_How to complete this task_:
Restate word for word the opening line of the data below and every line after it until the line with "金融文件上的小房子模型和美元硬币及旁边一个计算器", that line too, but not the pictures.

_Supplied material_:
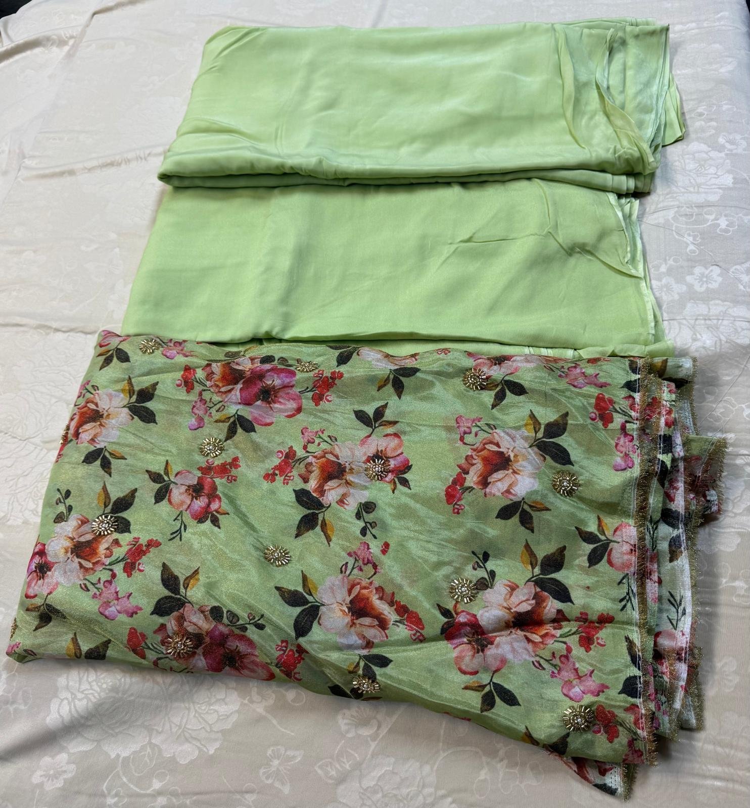 The set includes coordinated fabric pieces for the kurta, bottom, and dupatta, making it easy to design a well-matched outfit. The fabric feels soft and comfortable, suitable for regular wear as well as special gatherings. It can be stitched into a simple suit or styled with modern cuts depending on your preference.
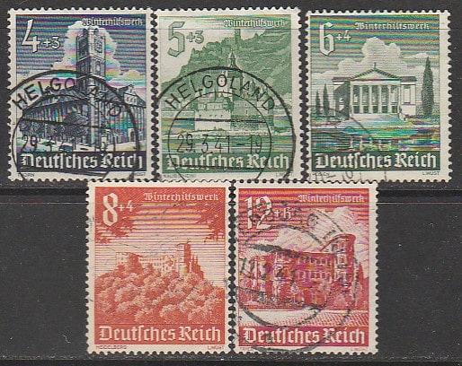 Германия (III Рейх) 1940 год. Организация зимней помощи: здания, 5 марок из серии (гашёные)
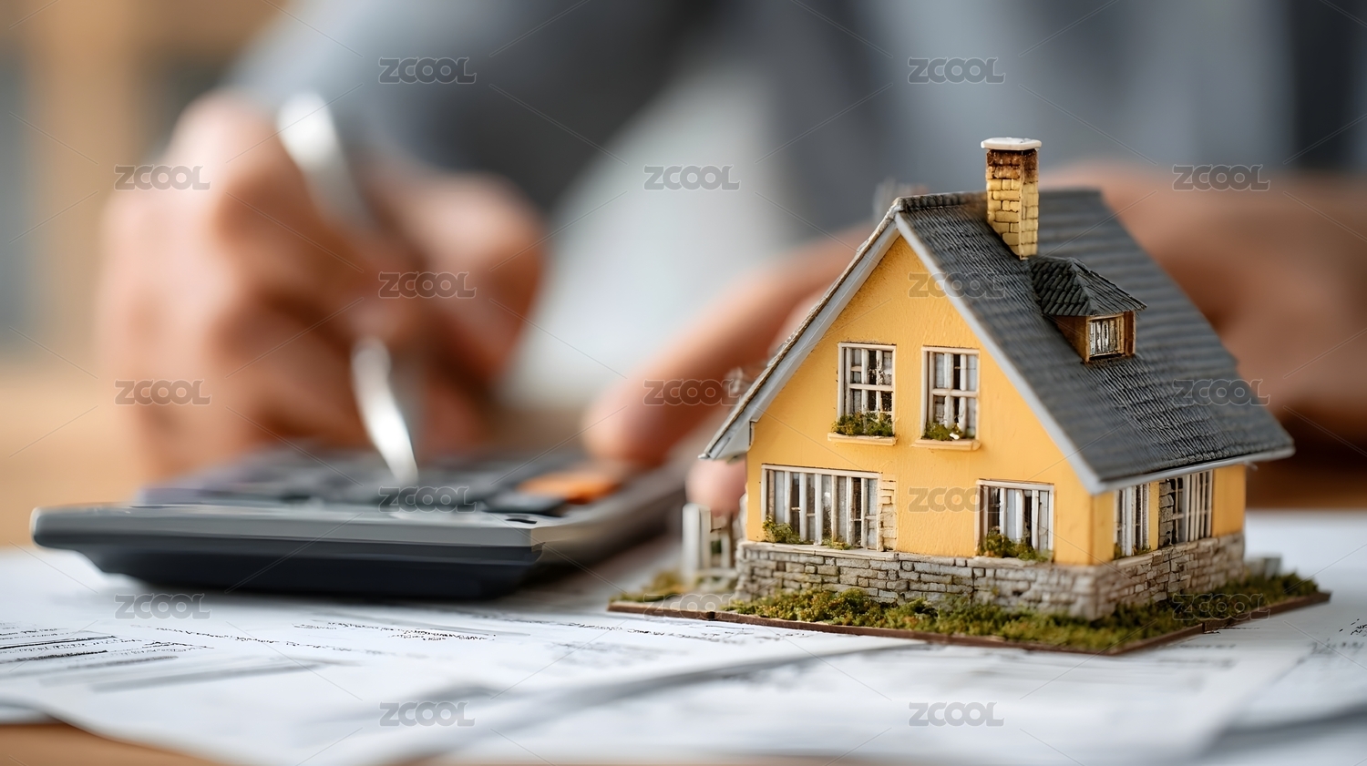 金融文件上的小房子模型和美元硬币及旁边一个计算器
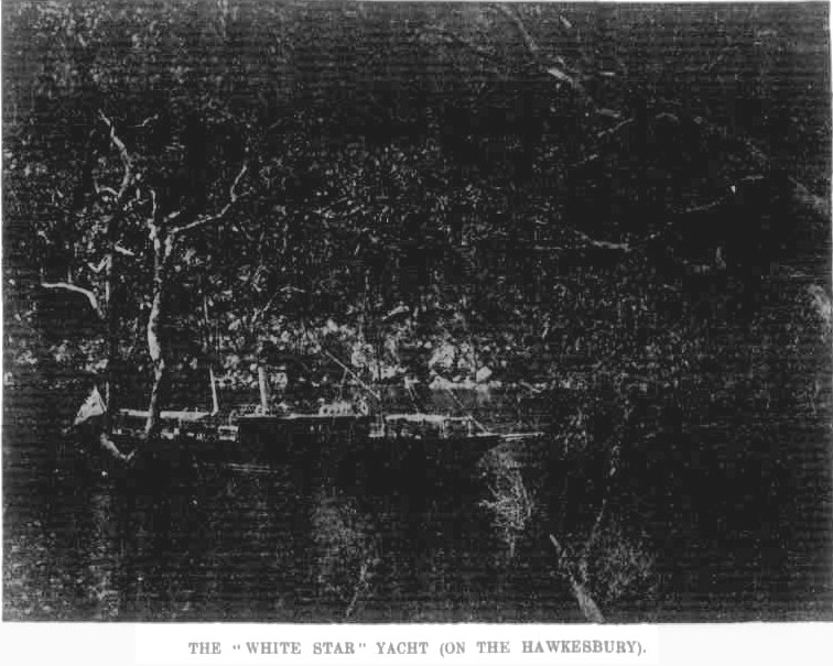 THE 'WHITE STAR' YACHT (ON THE HAWKESBURY). The "White Star" Yacht. (1896, April 25). The Cumberland Free Press (Parramatta, NSW : 1895 - 1897), p. 3. Retrieved from http://nla.gov.au/nla.news-article144436316

_Solved problem_:
 The set includes coordinated fabric pieces for the kurta, bottom, and dupatta, making it easy to design a well-matched outfit. The fabric feels soft and comfortable, suitable for regular wear as well as special gatherings. It can be stitched into a simple suit or styled with modern cuts depending on your preference.
 Германия (III Рейх) 1940 год. Организация зимней помощи: здания, 5 марок из серии (гашёные)
 金融文件上的小房子模型和美元硬币及旁边一个计算器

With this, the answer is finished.